Zoonoses: São doenças naturalmente transmissíveis entre animais e seres humanos. Dentre as zoonoses de relevante importância para a Saúde Pública e incidentes em área urbanas, destacam-se: raiva, leptospirose, brucelose, toxoplasmose, dentre outras.

Doenças transmitidas por vetores: São doenças que, para serem transmitidas ao homem, dependem de um animal que transfere de forma ativa um AGENTE ETIOLÓGICO de uma fonte de infecção a um novo susceptível. As principais doenças transmitidas por vetores são: dengue, febre amarela, malária, leishmaniose e doença de Chagas.

Agente etiológico: É a denominação ,o nome, dada ao agente causador de uma doença. Normalmente, este causador precisa de um vetor para proliferar tal doença (ou seja, completar seu ciclo de parasitismo). Este vetor pode ser animado ou inanimado.
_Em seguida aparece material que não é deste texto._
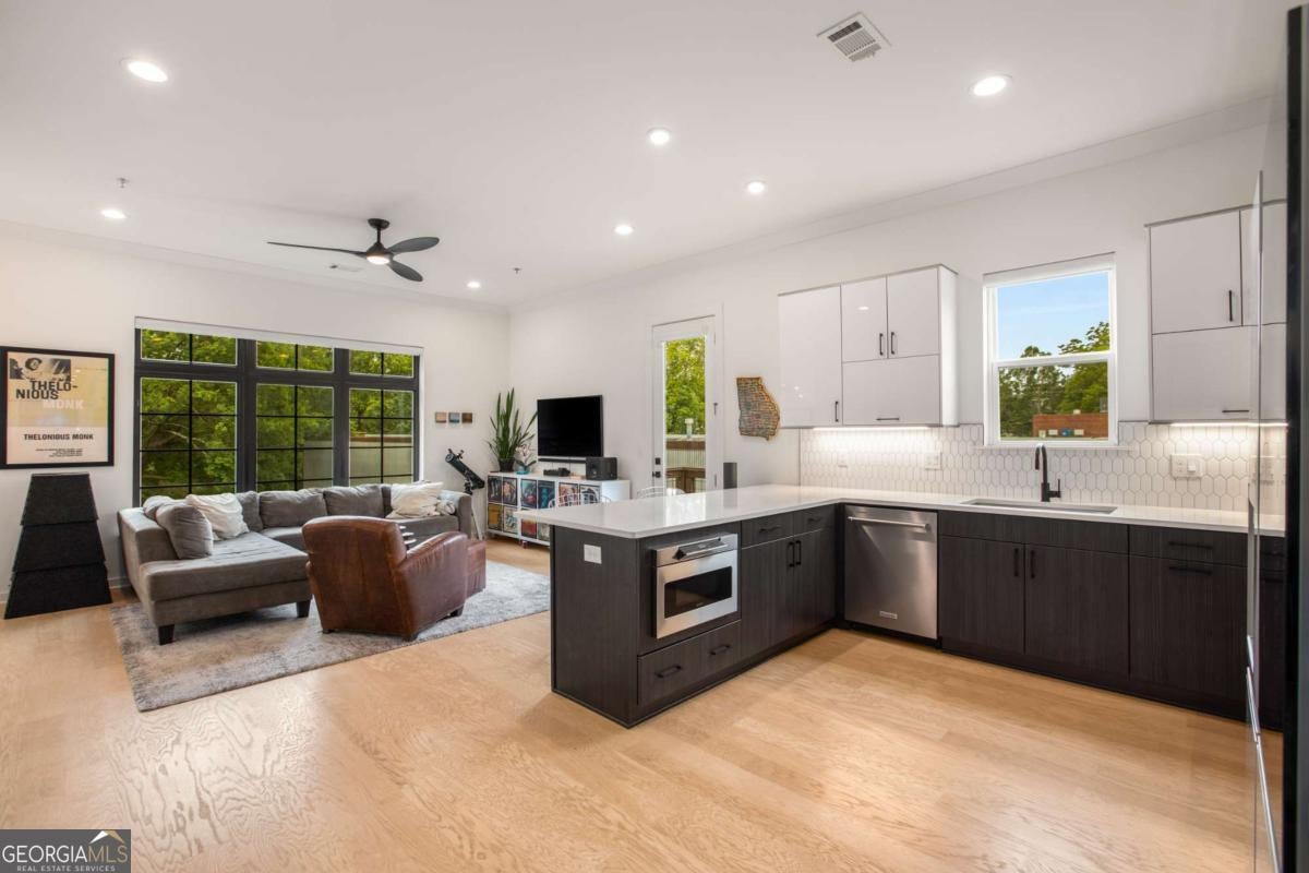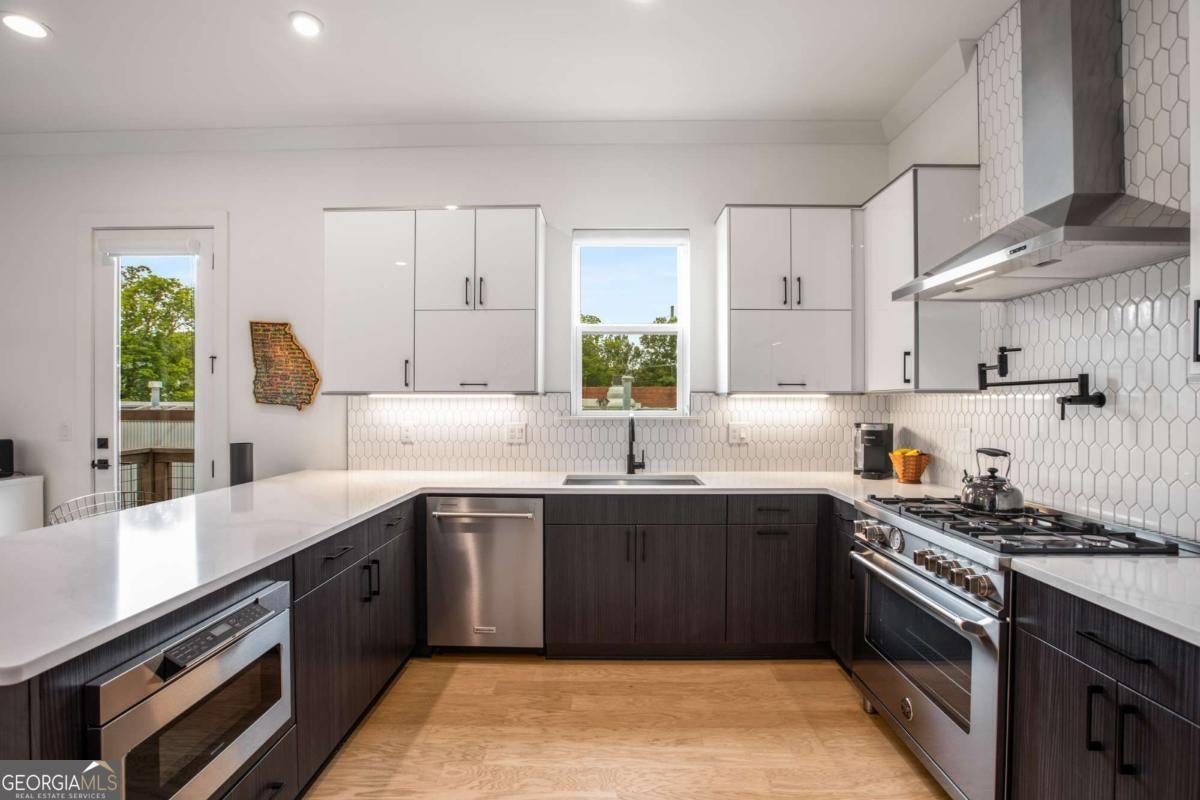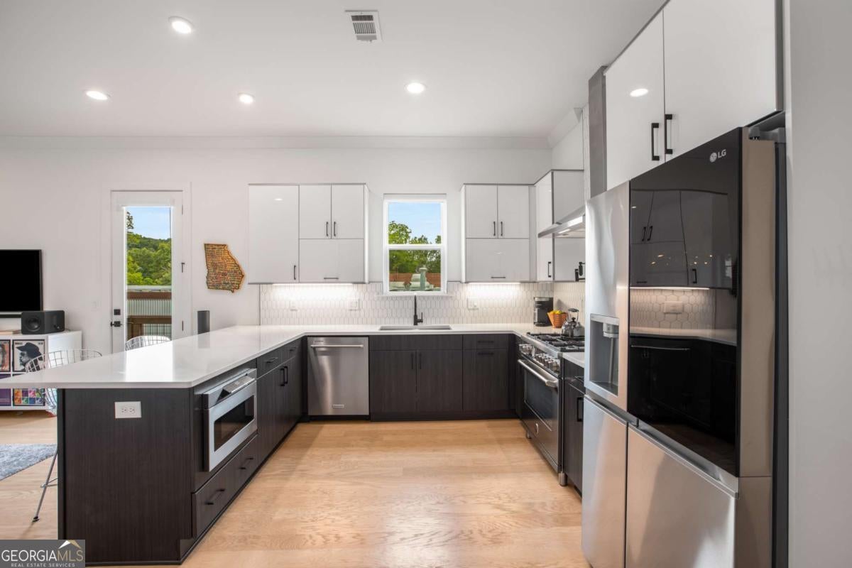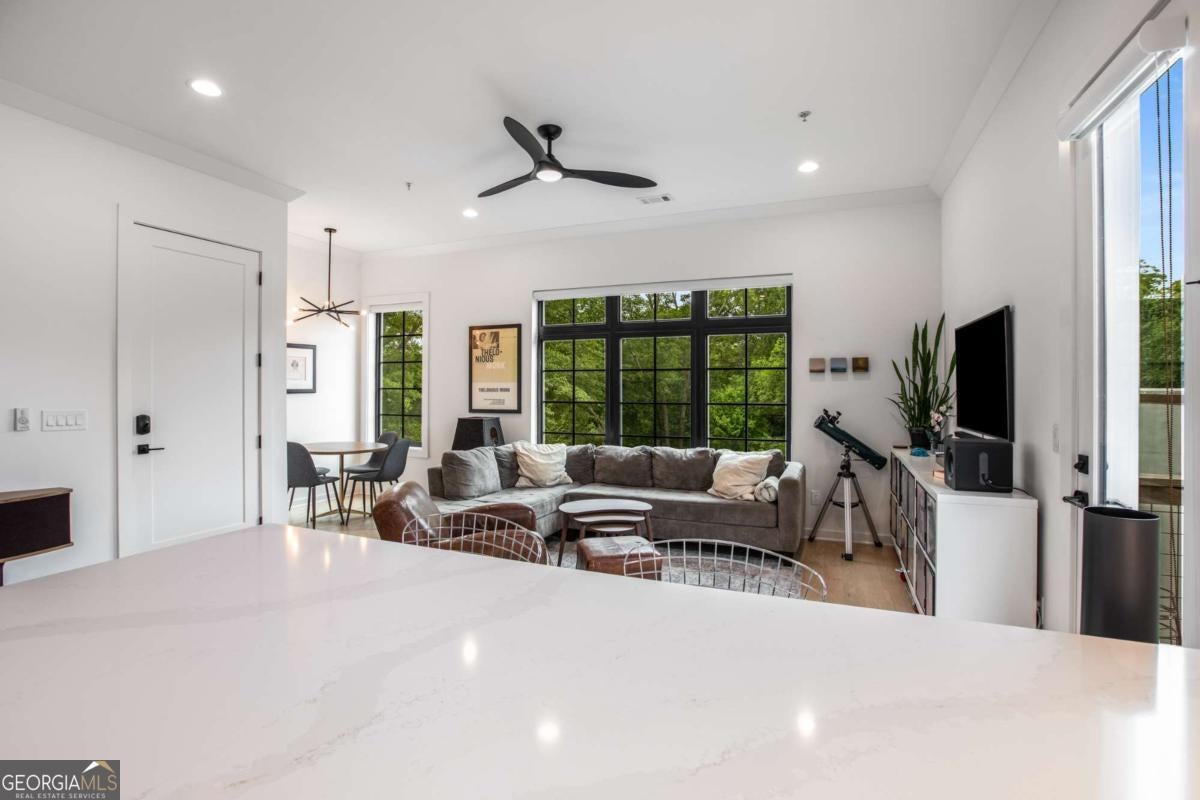 Top-Floor Luxury + Walkable Decatur Lifestyle! Welcome to The Flats 302, the premier unit in an exclusive 6-home community located in sought after, City of Decatur. This stunning top-floor flat offers the best of both worlds: elevated, modern living, paired with the convenience of all things Decatur-acclaimed restaurants, shops, festivals, parks/greenspace and more! Inside this amazing, top floor condo, enjoy 10' ceilings, wide-plank wood floors, and a beautifully designed kitchen for the chef, complete with quartz countertops, custom cabinetry, a Bertazzoni gas range, Bosch dishwasher, Broan vent hood, soft-close drawers, tiled backsplash and pot-filler! The open concept living space features a abundant natural light, dining area, and plenty of room for entertaining or relaxing in style, plus a private grilling balcony off the kitchen. The oversized owner's suite offers a true retreat, featuring an accent wall, ensuite bath with double vanities, floor-to-ceiling tile, and a frameless glass shower, plus a customized walk in closet. Two additional bedrooms, large secondary bathroom, also with double vanities, separate powder room for guests, custom window blinds and a full-sized laundry room complete the interior. But the true showstopper? An expansive rooftop terrace, with full decking and room enough container gardening, dining under the stars, naps in a hammock, lounging with a book, soaking in some sun, or a sunset toast with friends! Additional highlights include an attached, 2-car garage, unique to the top floor condos; secured building access, and a community garden and greenspace. A rare opportunity to live in best unit in this boutique community, in one of the South's most beloved neighborhoods - acclaimed dining, shopping, festivals, parks - plus its convenient proximity to Agnes Scott College, Emory University and Hospitals, and more - this is the turnkey, Decatur lifestyle you have been searching for! Owner will consider a LEASE PURCHASE.

Existem centenas de agentes etológicos dos quais podem causar, se não tratados, uma série de más conseqüências. Dentro dessas centenas de agentes etiológicos, há que ter em conta que podem ser de origem endógena ou exógena.

Estimasse que existam aproximadamente 200 baratas por individuo no mundo. ―Seu habitat conta com inúmeros micro-organismos patogênicos, transmissores de doenças que vão da gastrenterite até ao herpes. Ainda assim, menos de 40 das 4 mil espécies conhecidas podem ser consideradas pragas urbanas.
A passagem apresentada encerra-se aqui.